**Data for analysis:**

+++

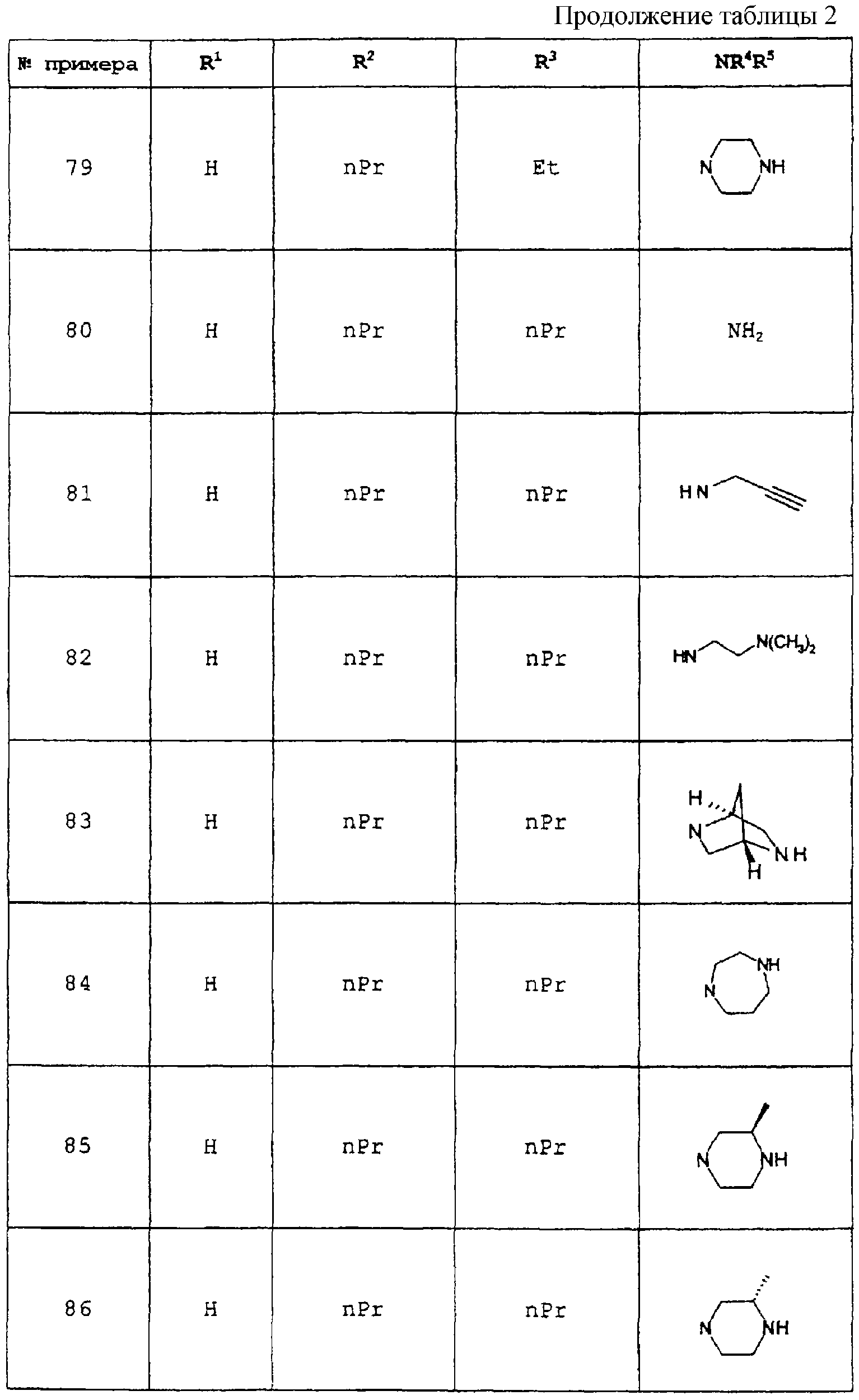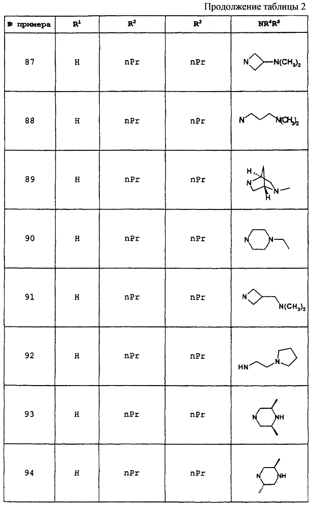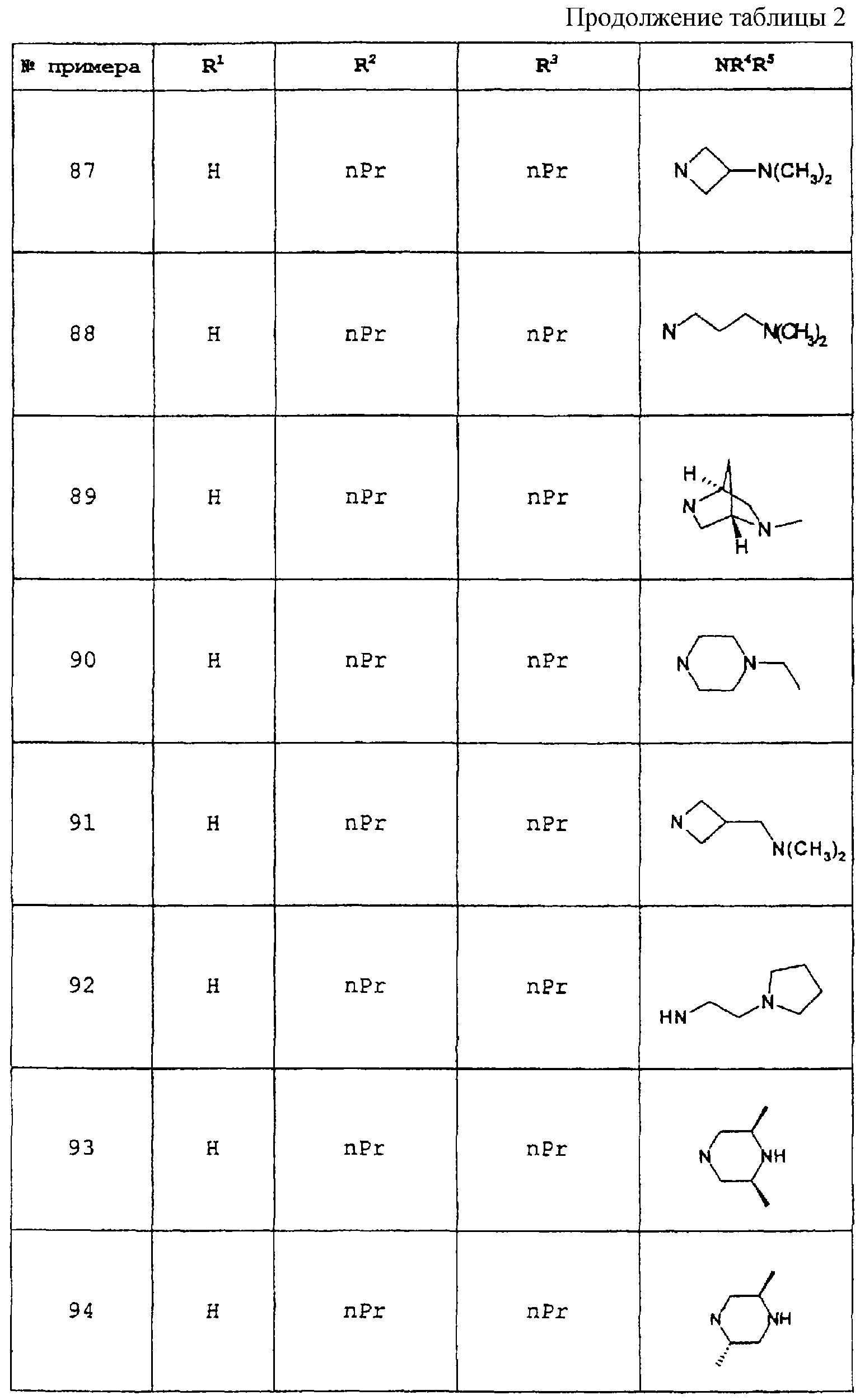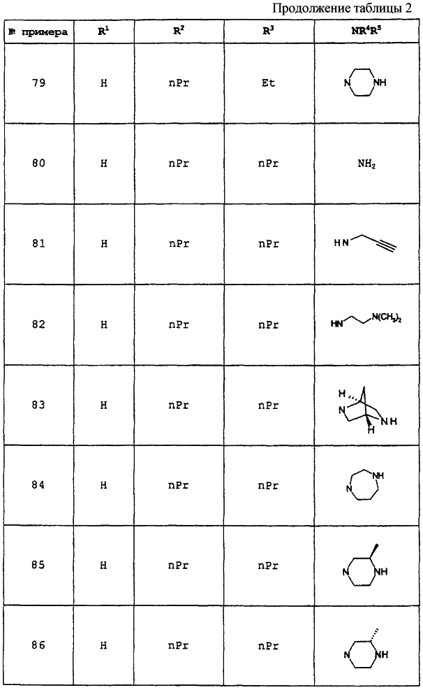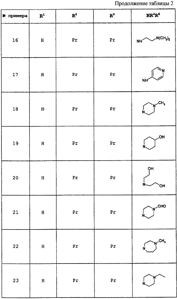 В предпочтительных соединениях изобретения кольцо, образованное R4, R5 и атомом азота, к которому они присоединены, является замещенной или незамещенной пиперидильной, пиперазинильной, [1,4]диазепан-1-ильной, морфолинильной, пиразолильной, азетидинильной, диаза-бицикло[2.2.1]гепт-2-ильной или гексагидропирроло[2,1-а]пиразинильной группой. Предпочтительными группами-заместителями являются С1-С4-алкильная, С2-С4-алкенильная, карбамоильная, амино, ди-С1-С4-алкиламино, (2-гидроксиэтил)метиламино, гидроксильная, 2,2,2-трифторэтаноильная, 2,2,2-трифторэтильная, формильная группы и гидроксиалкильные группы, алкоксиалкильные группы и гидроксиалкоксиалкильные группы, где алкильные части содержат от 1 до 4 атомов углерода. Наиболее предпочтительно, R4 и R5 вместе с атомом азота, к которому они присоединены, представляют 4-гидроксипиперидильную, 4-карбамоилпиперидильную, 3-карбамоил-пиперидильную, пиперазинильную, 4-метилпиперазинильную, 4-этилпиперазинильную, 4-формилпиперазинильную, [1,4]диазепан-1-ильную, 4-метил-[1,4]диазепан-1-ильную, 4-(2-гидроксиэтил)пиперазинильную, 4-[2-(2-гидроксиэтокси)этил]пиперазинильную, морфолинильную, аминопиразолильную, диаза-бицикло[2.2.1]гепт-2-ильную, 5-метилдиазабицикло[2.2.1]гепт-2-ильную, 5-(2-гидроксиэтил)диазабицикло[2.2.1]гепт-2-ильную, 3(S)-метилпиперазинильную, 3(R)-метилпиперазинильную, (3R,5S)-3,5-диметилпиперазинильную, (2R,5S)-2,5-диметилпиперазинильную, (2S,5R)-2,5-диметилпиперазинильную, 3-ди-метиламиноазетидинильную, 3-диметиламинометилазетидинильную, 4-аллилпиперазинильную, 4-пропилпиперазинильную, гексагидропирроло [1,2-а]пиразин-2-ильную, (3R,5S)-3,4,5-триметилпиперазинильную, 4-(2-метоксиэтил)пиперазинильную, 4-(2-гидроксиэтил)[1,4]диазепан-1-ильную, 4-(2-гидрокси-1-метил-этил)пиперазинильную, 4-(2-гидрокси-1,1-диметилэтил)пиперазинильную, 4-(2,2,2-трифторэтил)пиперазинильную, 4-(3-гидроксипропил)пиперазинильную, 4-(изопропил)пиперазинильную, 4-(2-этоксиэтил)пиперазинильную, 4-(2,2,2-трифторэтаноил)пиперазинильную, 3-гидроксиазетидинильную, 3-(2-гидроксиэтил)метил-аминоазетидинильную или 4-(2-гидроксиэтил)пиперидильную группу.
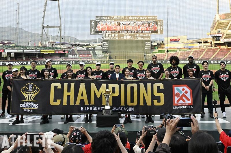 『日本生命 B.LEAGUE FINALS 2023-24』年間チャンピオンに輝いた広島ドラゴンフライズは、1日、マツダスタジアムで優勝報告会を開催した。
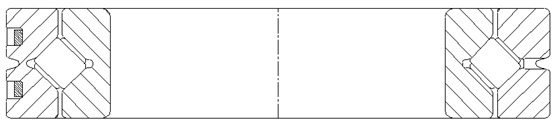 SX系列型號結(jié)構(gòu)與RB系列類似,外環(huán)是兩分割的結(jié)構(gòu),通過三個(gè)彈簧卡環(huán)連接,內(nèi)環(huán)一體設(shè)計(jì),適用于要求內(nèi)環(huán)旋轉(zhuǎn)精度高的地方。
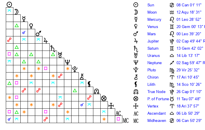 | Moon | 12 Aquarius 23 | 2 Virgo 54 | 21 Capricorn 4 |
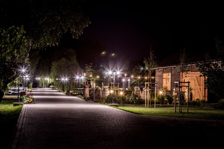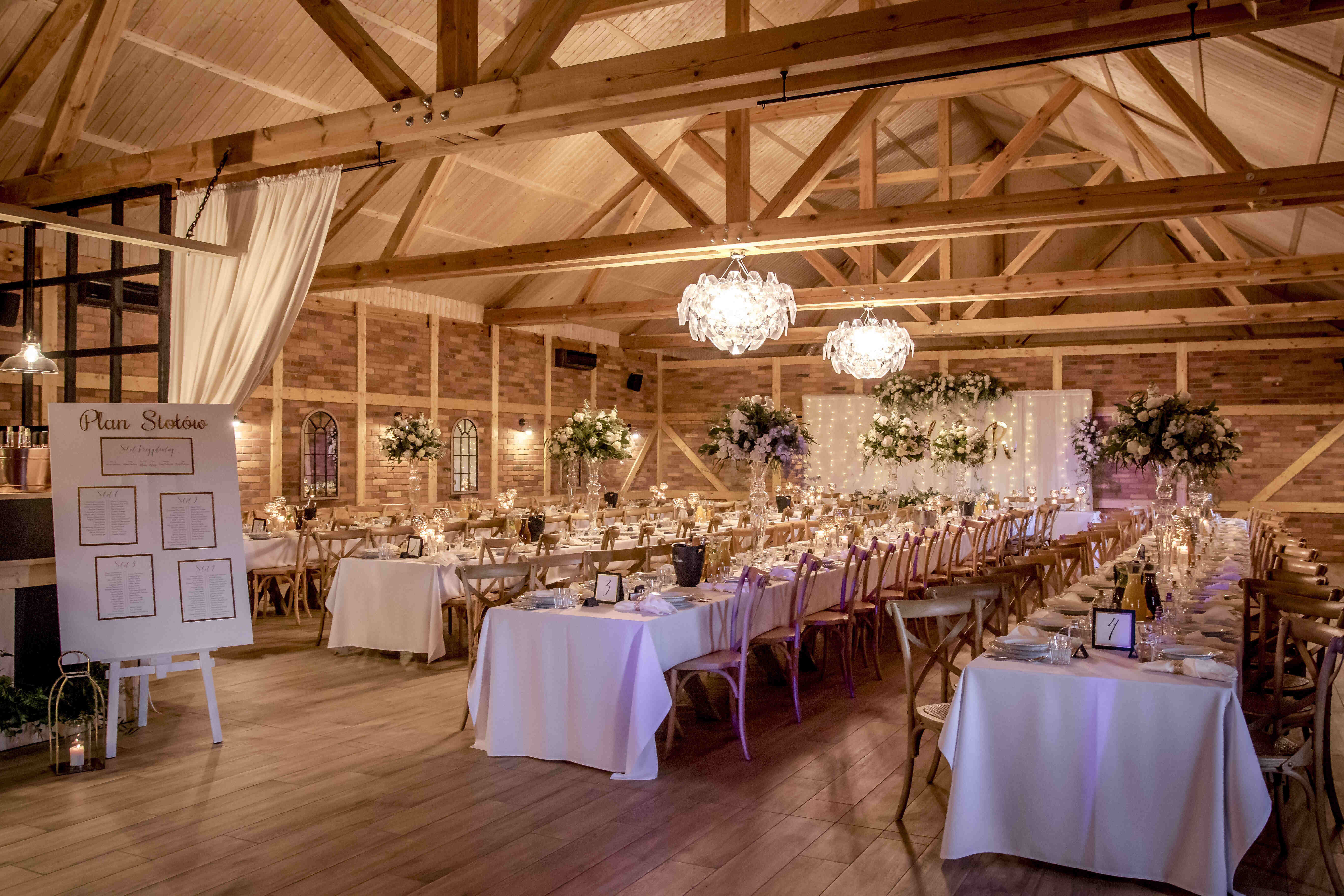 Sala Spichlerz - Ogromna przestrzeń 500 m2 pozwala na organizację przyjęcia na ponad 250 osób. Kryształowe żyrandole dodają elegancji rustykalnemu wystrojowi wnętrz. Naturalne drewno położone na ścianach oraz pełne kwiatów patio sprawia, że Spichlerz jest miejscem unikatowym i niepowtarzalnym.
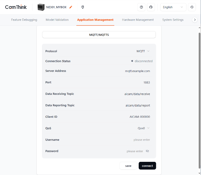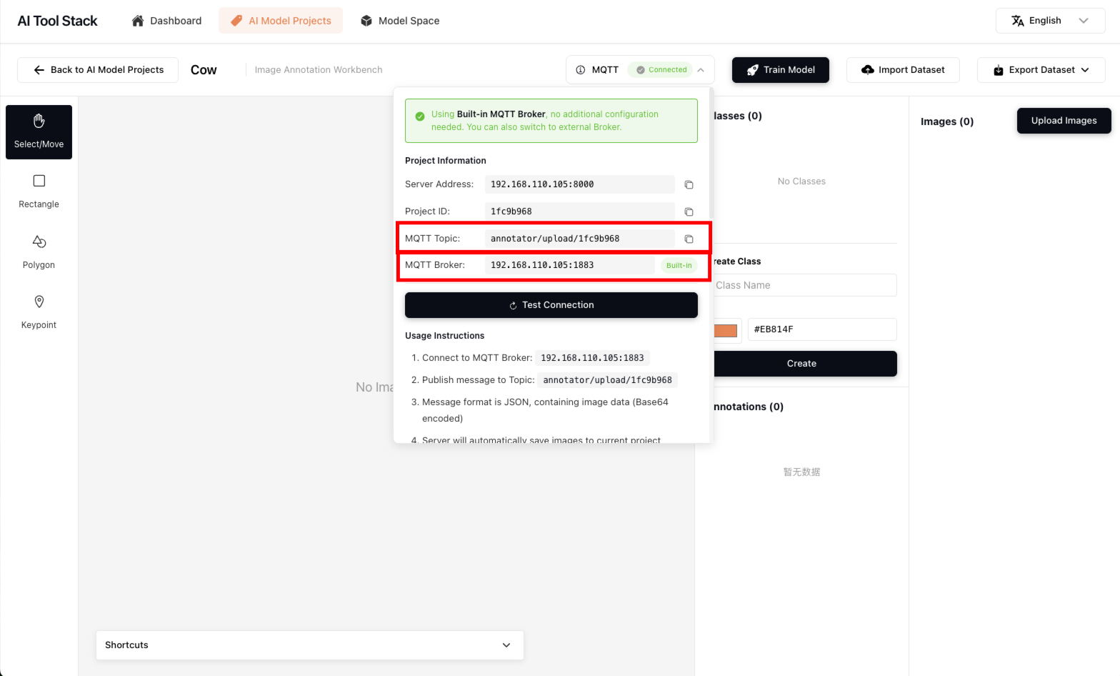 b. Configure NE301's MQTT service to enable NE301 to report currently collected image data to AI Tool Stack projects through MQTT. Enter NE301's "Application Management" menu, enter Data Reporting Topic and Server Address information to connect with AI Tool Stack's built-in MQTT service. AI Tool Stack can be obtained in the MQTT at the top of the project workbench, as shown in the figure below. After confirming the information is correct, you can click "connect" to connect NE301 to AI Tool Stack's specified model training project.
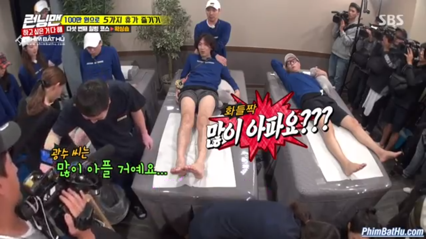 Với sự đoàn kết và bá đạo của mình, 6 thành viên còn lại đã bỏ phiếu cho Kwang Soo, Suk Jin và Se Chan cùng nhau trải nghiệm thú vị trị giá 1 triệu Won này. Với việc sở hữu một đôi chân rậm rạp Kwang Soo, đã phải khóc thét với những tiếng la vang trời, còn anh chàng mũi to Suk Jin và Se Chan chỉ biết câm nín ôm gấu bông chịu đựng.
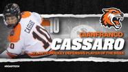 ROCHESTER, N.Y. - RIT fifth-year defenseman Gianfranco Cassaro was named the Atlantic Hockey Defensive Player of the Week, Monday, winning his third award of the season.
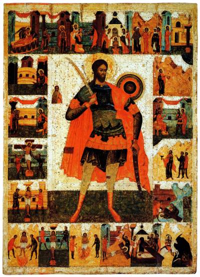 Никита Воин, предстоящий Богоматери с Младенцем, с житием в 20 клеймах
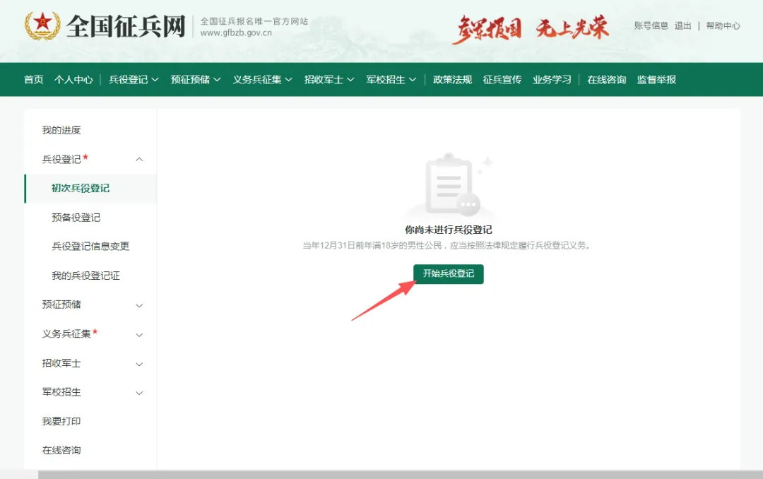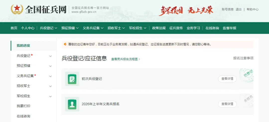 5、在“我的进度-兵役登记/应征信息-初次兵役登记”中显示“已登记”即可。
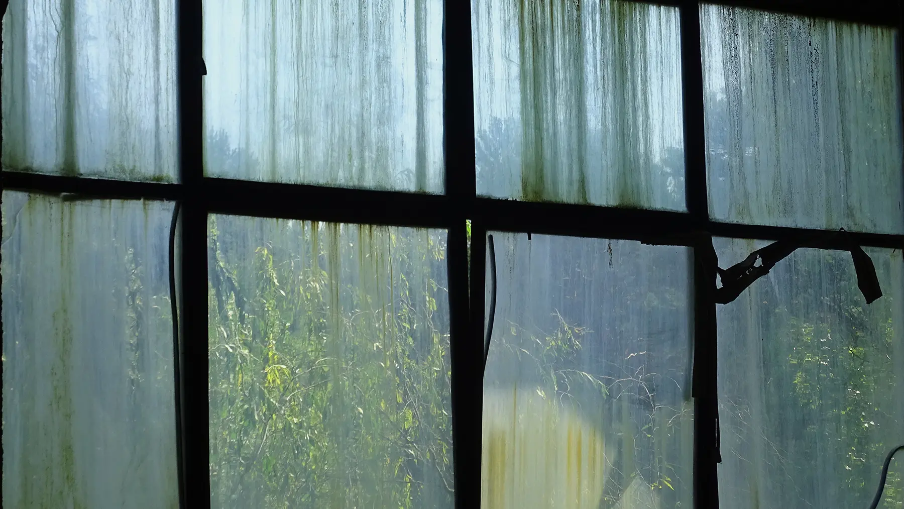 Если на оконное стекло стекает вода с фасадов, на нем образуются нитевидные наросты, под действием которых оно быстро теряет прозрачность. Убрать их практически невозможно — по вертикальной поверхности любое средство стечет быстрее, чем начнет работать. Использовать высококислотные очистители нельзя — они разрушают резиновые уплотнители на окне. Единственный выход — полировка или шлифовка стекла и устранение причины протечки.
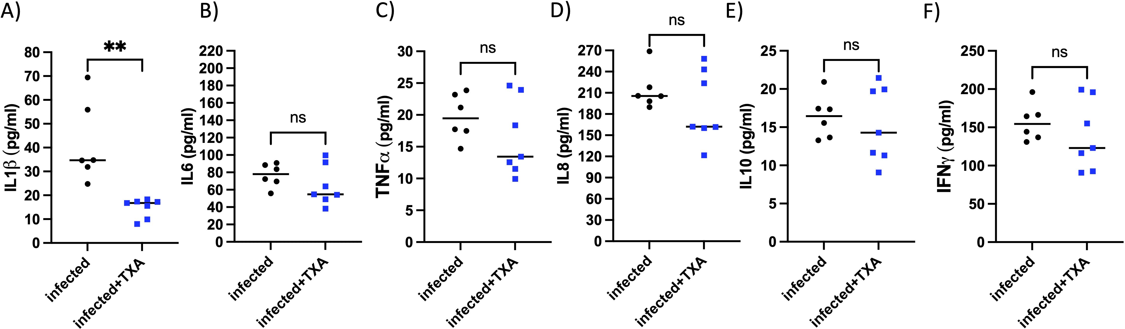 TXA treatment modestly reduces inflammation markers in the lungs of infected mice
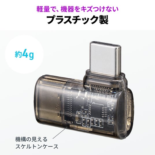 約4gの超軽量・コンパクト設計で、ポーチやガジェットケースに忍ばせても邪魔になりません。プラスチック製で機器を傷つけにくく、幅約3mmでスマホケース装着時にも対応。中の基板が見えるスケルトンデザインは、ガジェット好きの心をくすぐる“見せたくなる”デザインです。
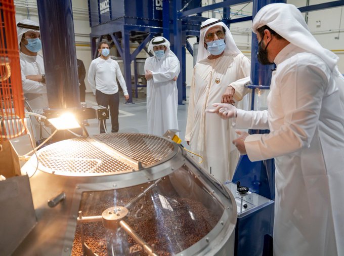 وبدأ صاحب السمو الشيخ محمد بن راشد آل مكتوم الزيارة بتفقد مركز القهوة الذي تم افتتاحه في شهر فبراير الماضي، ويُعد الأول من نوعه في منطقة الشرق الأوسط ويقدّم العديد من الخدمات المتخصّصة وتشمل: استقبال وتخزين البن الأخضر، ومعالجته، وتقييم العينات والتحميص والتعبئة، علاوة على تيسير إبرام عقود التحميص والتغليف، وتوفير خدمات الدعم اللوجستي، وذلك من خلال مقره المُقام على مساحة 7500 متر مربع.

+++

**Work task:**
Repeat only the lines from the line with "TXA treatment modestly" to the end of the entries, including both the first and the last line, and drop every picture.

**Exercise answer:**
 TXA treatment modestly reduces inflammation markers in the lungs of infected mice
 約4gの超軽量・コンパクト設計で、ポーチやガジェットケースに忍ばせても邪魔になりません。プラスチック製で機器を傷つけにくく、幅約3mmでスマホケース装着時にも対応。中の基板が見えるスケルトンデザインは、ガジェット好きの心をくすぐる“見せたくなる”デザインです。
 وبدأ صاحب السمو الشيخ محمد بن راشد آل مكتوم الزيارة بتفقد مركز القهوة الذي تم افتتاحه في شهر فبراير الماضي، ويُعد الأول من نوعه في منطقة الشرق الأوسط ويقدّم العديد من الخدمات المتخصّصة وتشمل: استقبال وتخزين البن الأخضر، ومعالجته، وتقييم العينات والتحميص والتعبئة، علاوة على تيسير إبرام عقود التحميص والتغليف، وتوفير خدمات الدعم اللوجستي، وذلك من خلال مقره المُقام على مساحة 7500 متر مربع.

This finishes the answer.